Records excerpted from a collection
════════════════════
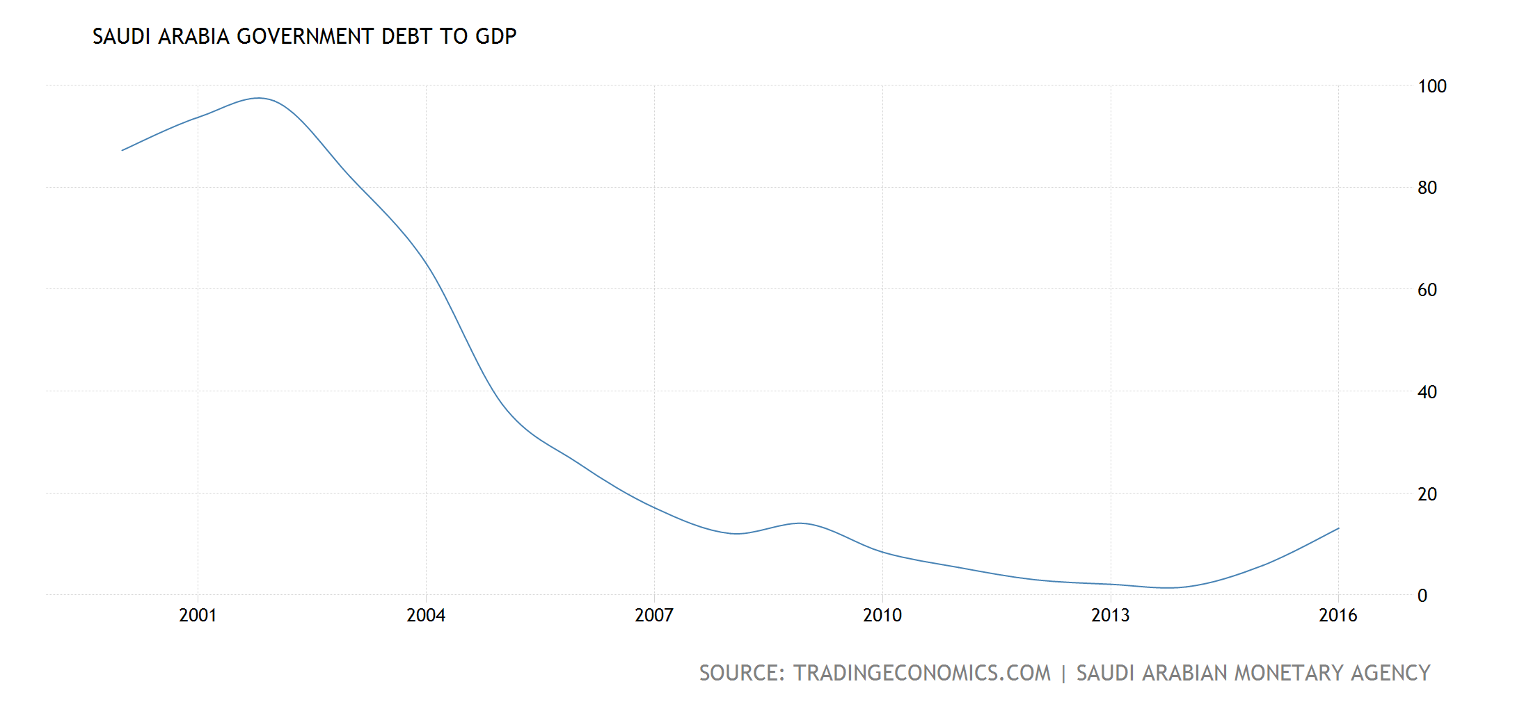 Saudi Arabia Debt 2000-2017 Benjamin Studebaker August 13, 2017 Published by Benjamin Studebaker View all posts by Benjamin Studebaker Published August 13, 2017
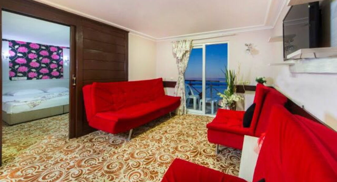 Были в этом отеле с 2-я маленькими детьми. Раньше он назывался First Beach (а еще раньше Mir Club Kizilot 3*) 4*. Он все время переименовывается. В отель мы прибыли в 3 часа дня, но заселили нас только в 6 вечера, по причине отсутствия свободных номером!!! Номер нам предоставили на первом этаже, в котором на полу лежала плитка, а ковриком был устелен только один кусочек возле туалета. Все было грязное, мебель старая. Штора была повешена только одна, вторую вешал муж, чтобы проходящие люди не заглядывали в окна. В шкафу не было вешалок, на потолке огромный грибок, везде ползали насекомые, горячей воды не было и что-то постоянно гудело до такой степени, что невозможно было открыть дверь. Этот номер рассчитан был на 3 человек(хотя нас было четверо!!!), чтобы уладить проблему они принесли младшему ребенку вместо кровати или раскладушки - манеж!!! и вместо одеяла дали полотенце.
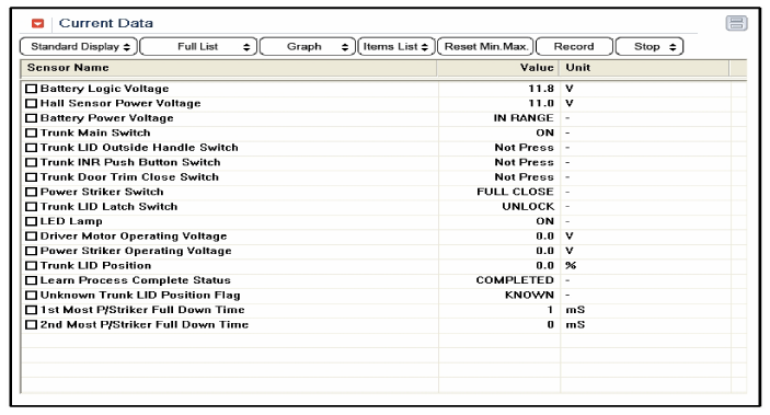 Connect the negative (-) battery terminal and check the power trunk module correctly. |
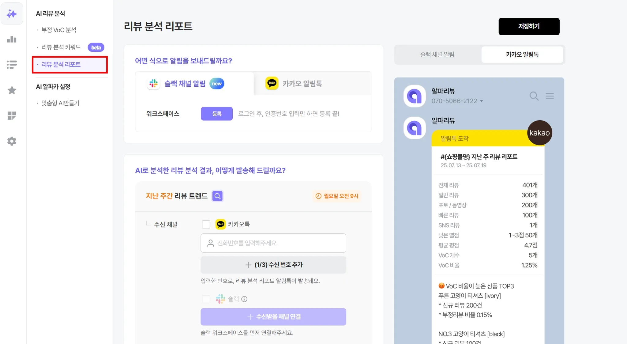 각각의 리포트는 슬랙으로만 받을 수도, 슬랙과 카카오톡 모두 받을 수도 있어요
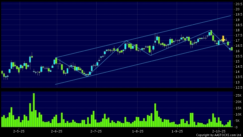 區域突破指股價在過去的一段時間只在一個範圍在內活動,然後股價下跌作出突破,跌穿區域的底部,技術走勢偏軟。(港股報價延遲最少十五分鐘。沽空資料截至 2025-10-14 16:25。)
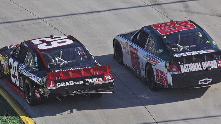 At the front, Dale Jr. stalked the Pedigree Toyota of Kyle Busch for several circuits before taking the lead with some help from the front bumper on lap 480, looking to end a 98-race winless drought. Despite a simmering rivalry between the two, Kevin and Kyle raced each other clean for second when Harvick moved into second with 13 laps left.
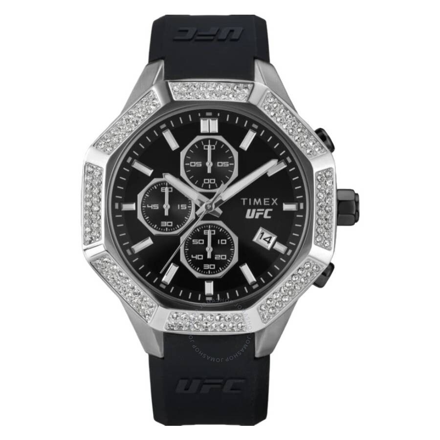 Silver-tone stainless steel case with a black silicone strap. Fixed silver-tone bezel with crystal set. Black dial with silver-tone hands and index hour markers. Minute markers around the outer rim. Dial Type: Analog. Date display at the 4 o'clock position. Chronograph - three sub-dials displaying: 60 second, 60 minute and 1/10th of a second. Quartz movement. Scratch resistant acrylic crystal. Pull / push crown. Solid case back. Octagonal case shape, case size: 45 mm, case thickness: 11 mm. Band width: 18 mm. Buckle clasp. Water resistant at 50 meters / 165 feet. Functions: chronograph, date, hour, minute, second. Ufc King Series. Sport watch style. Item Variations: TW2V99300. Timex UFC King Chronograph Quartz Crystal Black Dial Men's Watch TW2V99300JR. GENERAL Box Type: Original Box CASE Case Thickness: 11 mm Case Material: Stainless Steel Case Back: Solid BAND Band Material: Silicone Band Type: Strap Band Color: Black Band Width: 18 mm Clasp: Buckle DIAL Dial Color: Black Type: Analog Crystal: Acrylic Hands: Silver-tone Dial Markers: Index Second Markers: Minute Markers around the outer rim Sub Dials: Three - 60 Second, 60 Minute and 1/10th of a Second Bezel: Fixed Bezel Color: Silver-tone Bezel Material: Crystal Set Crown: Pull / Push INFORMATION Brand: Timex Series: Ufc King Collection Name: UFC King Gender: Mens Model: TW2V99300JR Movement: Quartz FEATURES Water Resistance: 50 meters / 165 feet Calendar: Date display at the 4 o'clock position Functions: Chronograph, Date, Hour, Minute, Second Watch Features: Chronograph, Stainless Steel, Analog ADDITIONAL INFO Watch Style: Sport Warranty: 1 Year Jomashop Warranty UPC Code: 194366333855 Jomashop Sku: TXTW2V99300 Item Variation: TW2V99300 Department: Watches
════════════════════
How to complete this task | The data shown above must be printed again exactly, with no images included.

Answer to the problem |
 Saudi Arabia Debt 2000-2017 Benjamin Studebaker August 13, 2017 Published by Benjamin Studebaker View all posts by Benjamin Studebaker Published August 13, 2017
 Были в этом отеле с 2-я маленькими детьми. Раньше он назывался First Beach (а еще раньше Mir Club Kizilot 3*) 4*. Он все время переименовывается. В отель мы прибыли в 3 часа дня, но заселили нас только в 6 вечера, по причине отсутствия свободных номером!!! Номер нам предоставили на первом этаже, в котором на полу лежала плитка, а ковриком был устелен только один кусочек возле туалета. Все было грязное, мебель старая. Штора была повешена только одна, вторую вешал муж, чтобы проходящие люди не заглядывали в окна. В шкафу не было вешалок, на потолке огромный грибок, везде ползали насекомые, горячей воды не было и что-то постоянно гудело до такой степени, что невозможно было открыть дверь. Этот номер рассчитан был на 3 человек(хотя нас было четверо!!!), чтобы уладить проблему они принесли младшему ребенку вместо кровати или раскладушки - манеж!!! и вместо одеяла дали полотенце.
 Connect the negative (-) battery terminal and check the power trunk module correctly. |
 각각의 리포트는 슬랙으로만 받을 수도, 슬랙과 카카오톡 모두 받을 수도 있어요
 區域突破指股價在過去的一段時間只在一個範圍在內活動,然後股價下跌作出突破,跌穿區域的底部,技術走勢偏軟。(港股報價延遲最少十五分鐘。沽空資料截至 2025-10-14 16:25。)
 At the front, Dale Jr. stalked the Pedigree Toyota of Kyle Busch for several circuits before taking the lead with some help from the front bumper on lap 480, looking to end a 98-race winless drought. Despite a simmering rivalry between the two, Kevin and Kyle raced each other clean for second when Harvick moved into second with 13 laps left.
 Silver-tone stainless steel case with a black silicone strap. Fixed silver-tone bezel with crystal set. Black dial with silver-tone hands and index hour markers. Minute markers around the outer rim. Dial Type: Analog. Date display at the 4 o'clock position. Chronograph - three sub-dials displaying: 60 second, 60 minute and 1/10th of a second. Quartz movement. Scratch resistant acrylic crystal. Pull / push crown. Solid case back. Octagonal case shape, case size: 45 mm, case thickness: 11 mm. Band width: 18 mm. Buckle clasp. Water resistant at 50 meters / 165 feet. Functions: chronograph, date, hour, minute, second. Ufc King Series. Sport watch style. Item Variations: TW2V99300. Timex UFC King Chronograph Quartz Crystal Black Dial Men's Watch TW2V99300JR. GENERAL Box Type: Original Box CASE Case Thickness: 11 mm Case Material: Stainless Steel Case Back: Solid BAND Band Material: Silicone Band Type: Strap Band Color: Black Band Width: 18 mm Clasp: Buckle DIAL Dial Color: Black Type: Analog Crystal: Acrylic Hands: Silver-tone Dial Markers: Index Second Markers: Minute Markers around the outer rim Sub Dials: Three - 60 Second, 60 Minute and 1/10th of a Second Bezel: Fixed Bezel Color: Silver-tone Bezel Material: Crystal Set Crown: Pull / Push INFORMATION Brand: Timex Series: Ufc King Collection Name: UFC King Gender: Mens Model: TW2V99300JR Movement: Quartz FEATURES Water Resistance: 50 meters / 165 feet Calendar: Date display at the 4 o'clock position Functions: Chronograph, Date, Hour, Minute, Second Watch Features: Chronograph, Stainless Steel, Analog ADDITIONAL INFO Watch Style: Sport Warranty: 1 Year Jomashop Warranty UPC Code: 194366333855 Jomashop Sku: TXTW2V99300 Item Variation: TW2V99300 Department: Watches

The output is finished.